Do our schools need more training in how to support children and families in bereavement?

The first reply was a plaintive cry, which said, ‘more? They need some!’

I well remember the times when as a child, an announcement was made in assembly, particularly in primary school, that a parent had died and that was why one of our friends would not be in school for a while. It seemed to me that to lose a mum or dad was the worst conceivable nightmare, and I’ve always had a place in my heart for those who did not see both their parents through to adulthood.
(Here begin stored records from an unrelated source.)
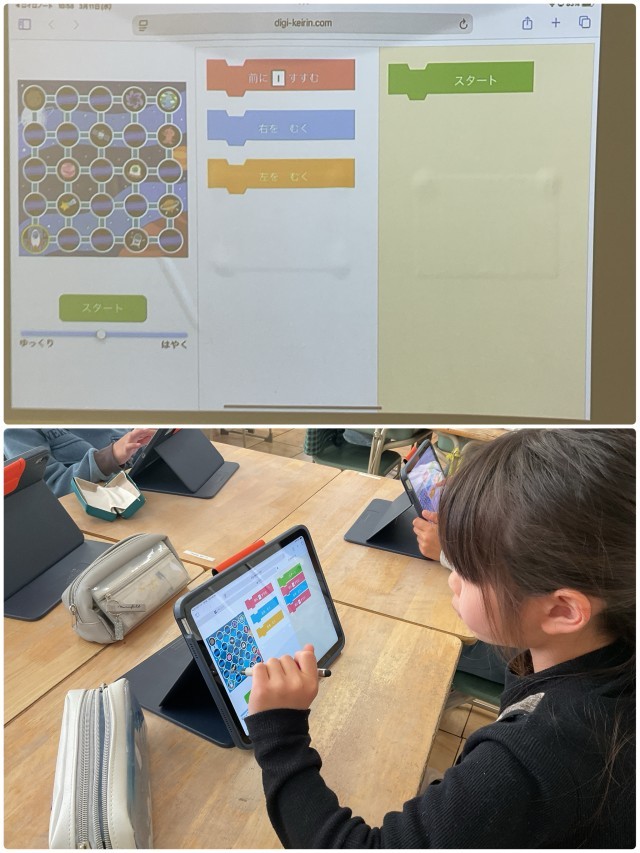 ICTの先生をお招きして、「プログラミング」の授業を行いました。ロケットを目的地まで動かすプログラムのをつくる活動を通して、プログラミングの考え方を体験することができました。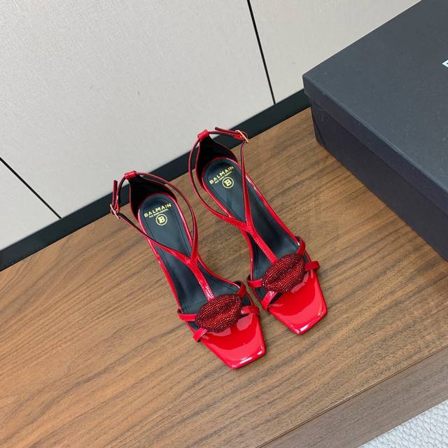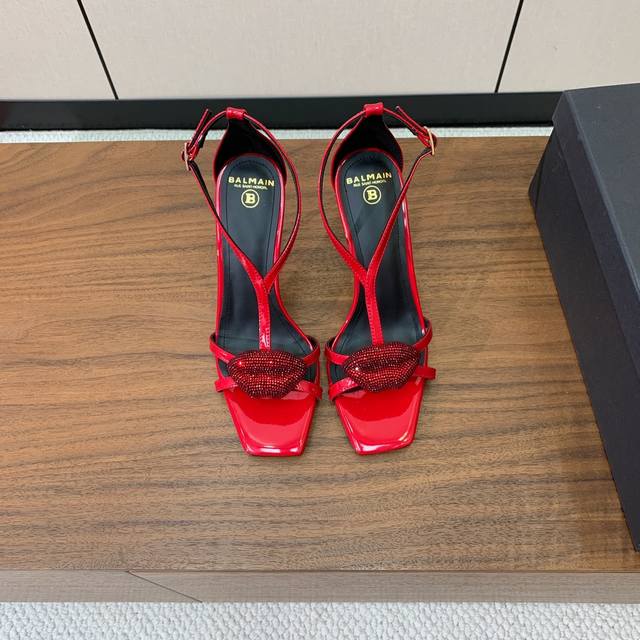 Bal*Ain Lip-shaped Rhinestone Buckle High-Heeled Sandals. Increasingly unique and outstanding, with an unbeatable aura and unbeatable beauty. Patent leather upper. Cowhide insole. Genuine leather outsole. Heel height 9.5cm. Sizes: 36-42. Sizes 40, 41, and 42 are custom-made and non-refundable. Wholesale: [List of sizes not provided]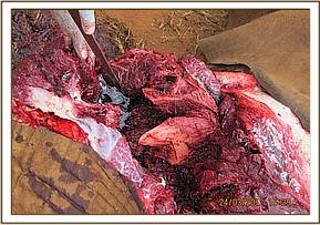 After saving the massive bull the vet team encountered a dead elephant calf that appeared thin. Post mortem examination revealed deep penetrating wounds on various parts of the body suspected to be due to lion predation attempts. Death was from bacterial septicaemia.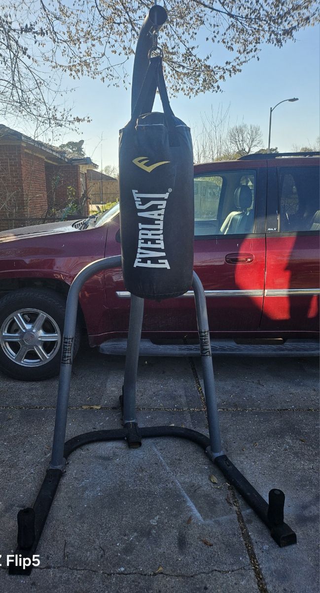 estación de entrenamiento Everlast que incluye un saco de boxeo pesado suspendido en un soporte de acero. 77016 Everlast training station that includes a heavy punching bag suspended on a steel stand.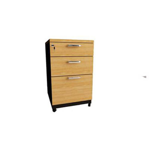 ผลิตจากไม้ Particle Board ตู้ (Top) หนา 25 มม. ปิดขอบ PVC Edge เคลือบผิว Melamine กันน้ำ ทนต่อความร้อน และรอยขีดข่วน จัดเก็บ 3 ลิ้นชัก พร้อมกุญแจล็อก ติดล้อเลื่อนสะดวกเคลื่อนย้าย ขนาด 42×48x65 ซม. สีบีช-ดำ |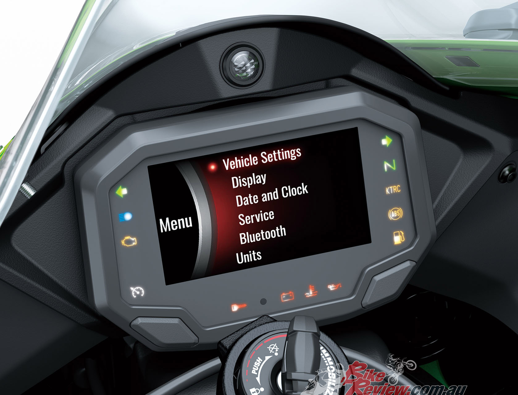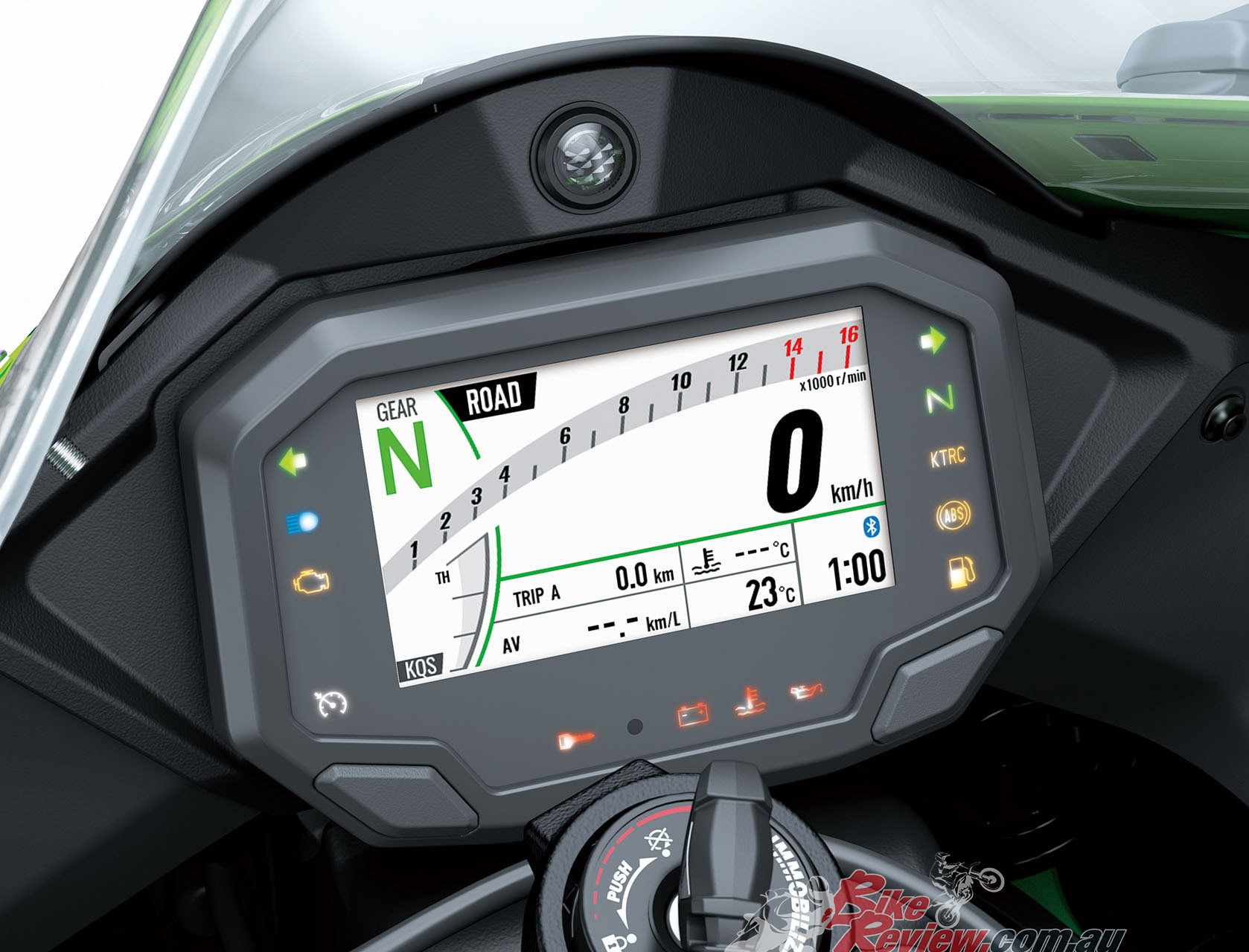 The Ram Air intake – a Ninja supersport trademark – has a new shape and is more compact than that of the previous model, but the design of cowl directs air toward the intake so its efficiency is unchanged. Winglets built into the upper cowl generate downforce that helps keep the front wheel on the ground on corner exits and during strong acceleration.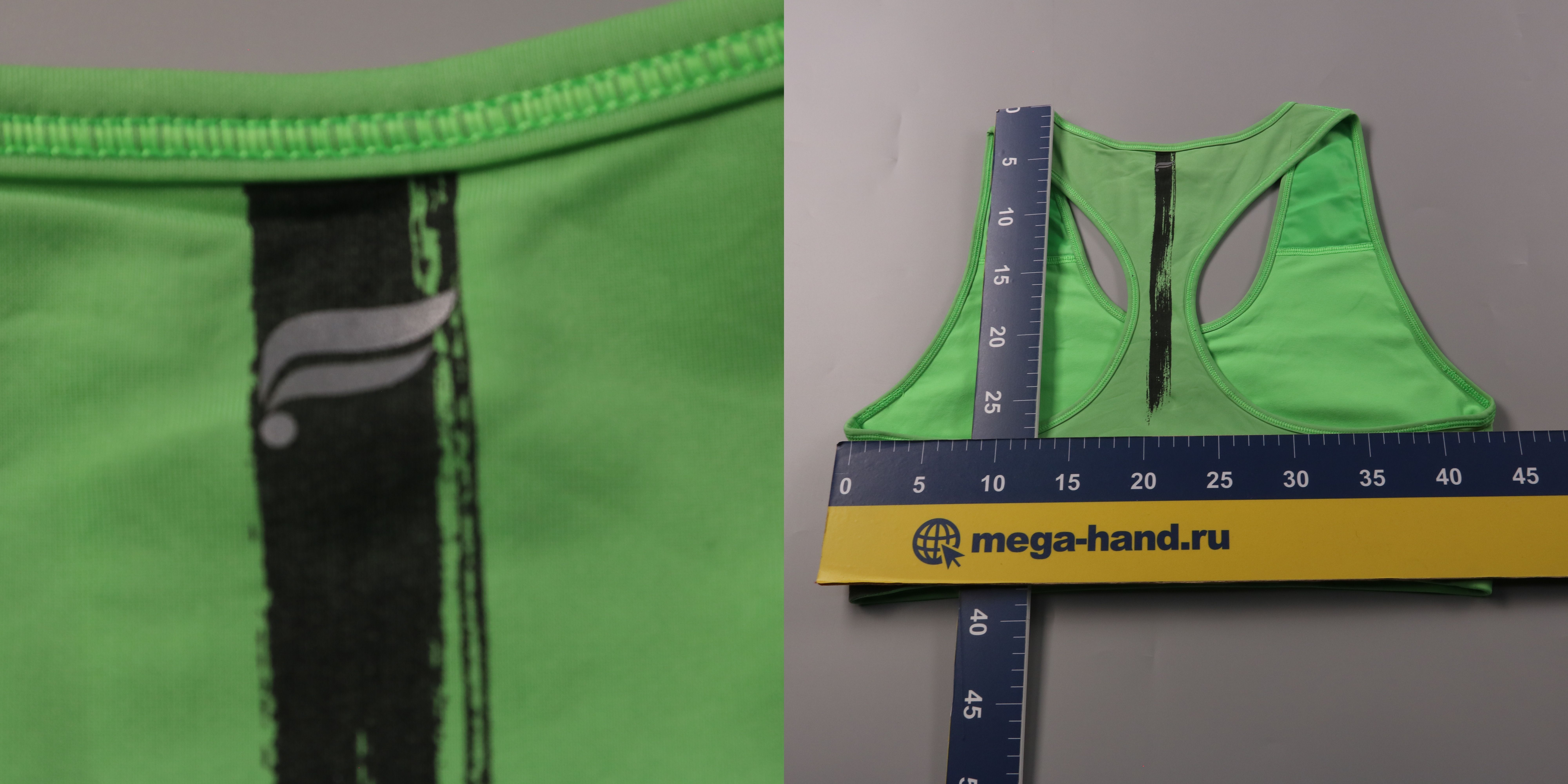 Спортивный топ-бра с борцовской спинкой и контрастным чёрным принтом, бренд на бирке не читается. Подойдёт для тренировок, йоги и бега, хорошо сидит за счёт эластичного материала. Быстро сохнет и удобно поддерживает грудь во время движения.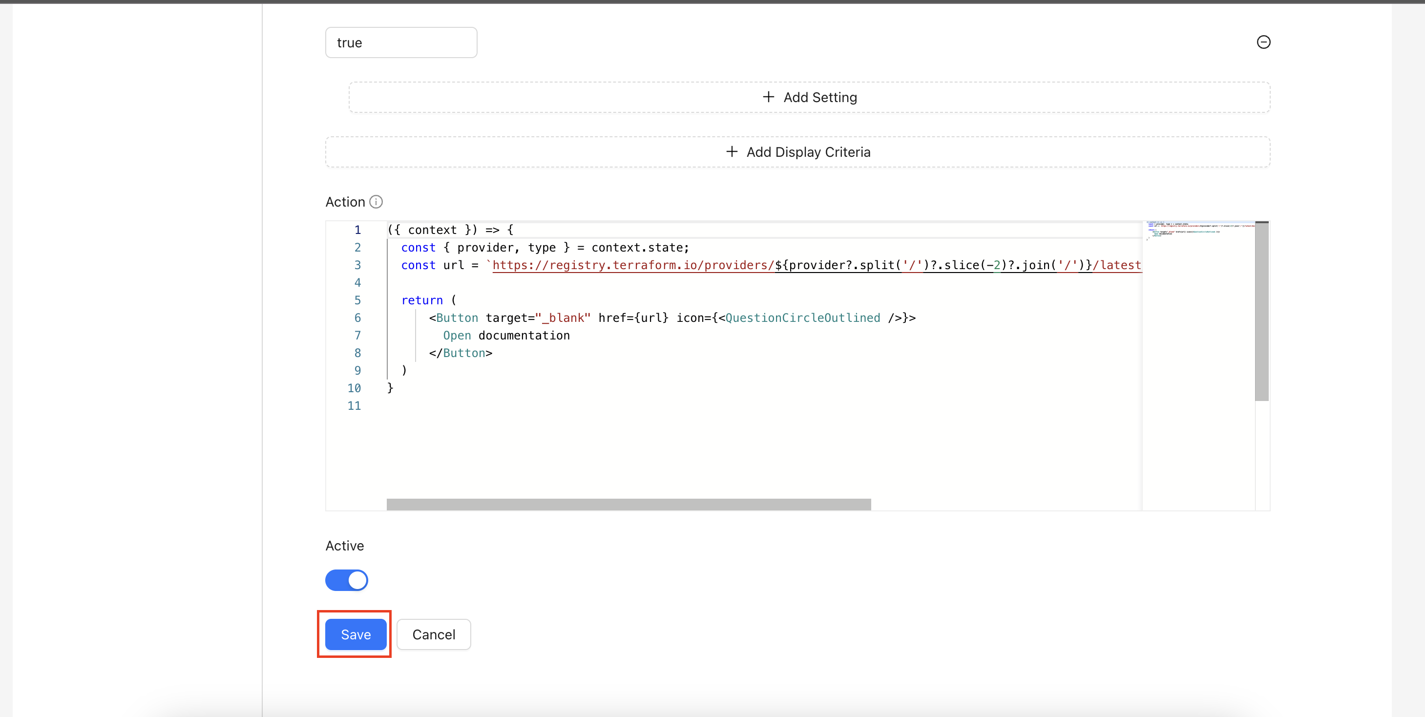 * **Flexibility:** Quickly disable an action if it is not useful for your organization or set conditions for actions to appear, such as if a resource is hosted in GCP or if the workspace is `Dev`.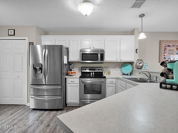 Best 3-bedroom deal in St. Johns County! No need to worry about big ticket items: Roof 2018, HVAC 2019, Screened in patio 2018- & ONE-YEAR HOME WARRANTY. Move-in ready, charming home with bright open floor plan featuring the kitchen overlooking dining/living area combo and powder bath downstairs with storage. Luxury Plank Floors on the first level, Luxury Plank Flooring upstairs hallway, and on the Staircase! Beautiful Kitchen with Upgraded painted white cabinets, Dishwasher and Microwave. ALL APPLICANCES INCLUDED - Refrigerator in garage, and the Washer / Dryer. The sliding doors lead to screened-in lanai which is the perfect private space for entertainment & relaxation. Upstairs, you'll find a large hallway with three bedrooms and a bath. The primary bedroom includes a walk-in closet , shower and double sinks.Multiple POOLS, Fitness areas, and sports fields, and much more! This is care-free living - the HOA manages the Lawn and some exterior home maintenance. Assigned to some of the Highest Rated Saint Johns County Schools! Hurry in Today, this awesome home will not last long on the market!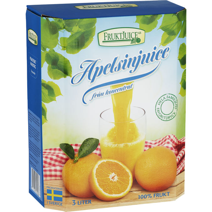 Fruktjuice AB Apelsinjuice er en forfriskende juice lavet af 100% frugt fra koncentrat. Den leveres i en praktisk 3-liters box med hane, hvilket gør den ideel som hele familiens favoritdrik til morgenbordet.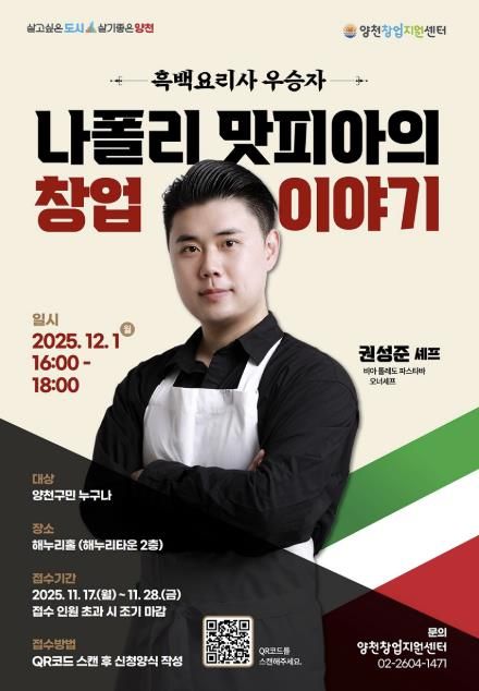 이번 특강은 관심있는 구민 누구나 참여할 수 있으며, 오는 28일까지 구청 홈페이지 공지사항을 참고해 사전 신청(QR코드 스캔)할 수 있다. 자세한 문의는 양천창업지원센터로 하면 된다.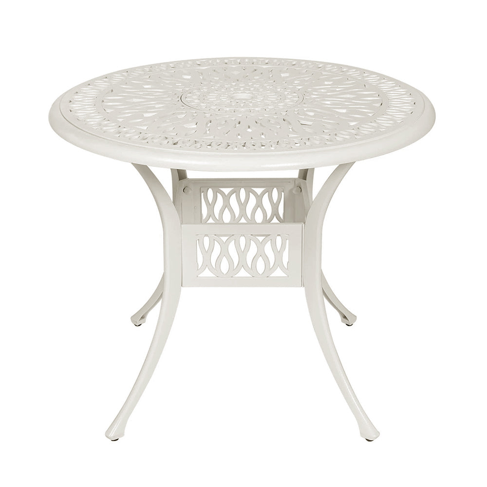 With its lavish design, our table is both practical and aesthetic, adding a touch of elegance wherever it sits. This outdoor table is made of high-quality cast aluminum, thus it is relatively lightweight, making it easy to move. What's more, it requires minimal maintenance, which means it can be left outside all year round. For your convenience, the garden table comes complete with a central hole for the placement of an umbrella or parasol. The table has space for up to four people.
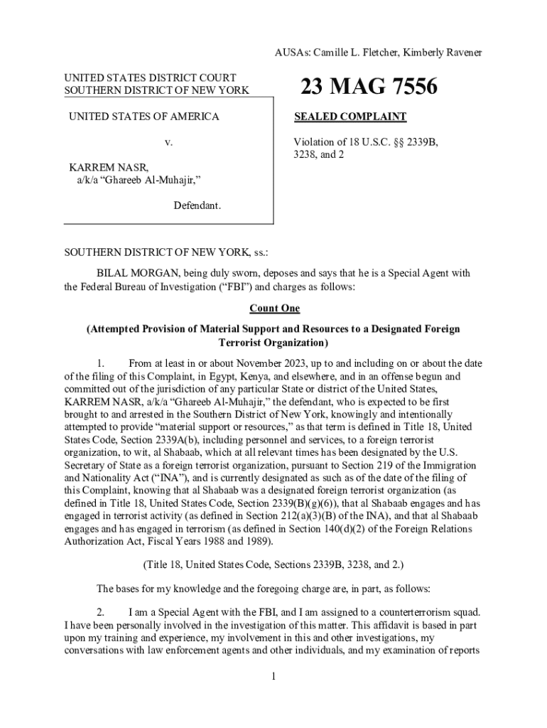 Auras: Camille L. Fletcher, Kimberly Ravener23 MAG 7556UNITED STATES DISTRICT COURT SOUTHERN DISTRICT OF NEW RESEALED COMPLAINTUNITED STATES OF Americanization of 18 U.S.C. 2339B, 3238, and 2v. KAREEM
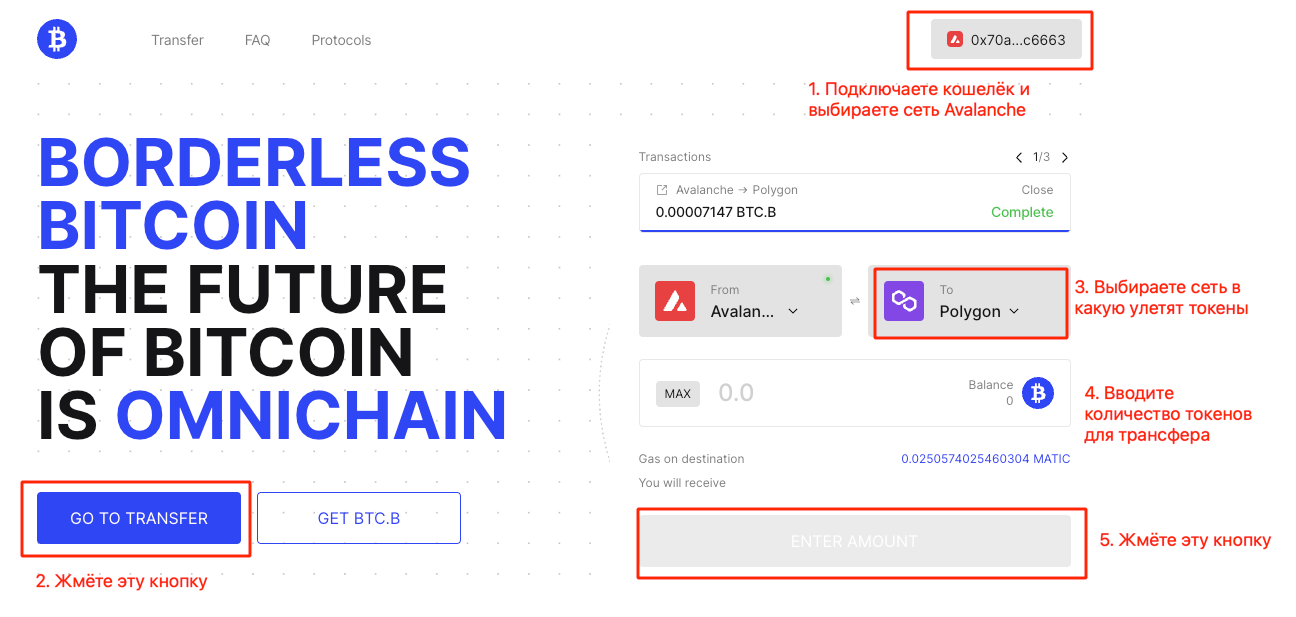 6) Затем, через мост Bitcoinbridge бриджим купленный BTC.b в сеть Polygon, а затем обязательно(!) обратно. После можете продать BTC.b в USDC либо оставить его для дальнейших прогонов по разным сетям.

It seemed that the thankfully infrequent occasions when the death of the parent was announced, that it was merely an issue of dignified news giving. I was never aware of any systematic dealing with the issues related to death in the family.

As a teacher, I never had to deal with the issue directly, which was a blessing.  However, I’m sure that any response would be reactive and passed on to a pastoral manager on the basis that it would be too specialised for a class teacher.

We should do better than this as it is an issue we all have to face eventually, and I’m thinking of people of my vintage who have lost parents recently – it does not get any easier, whatever your age.

Does your school have a more systematic and developed approach to such support and counselling?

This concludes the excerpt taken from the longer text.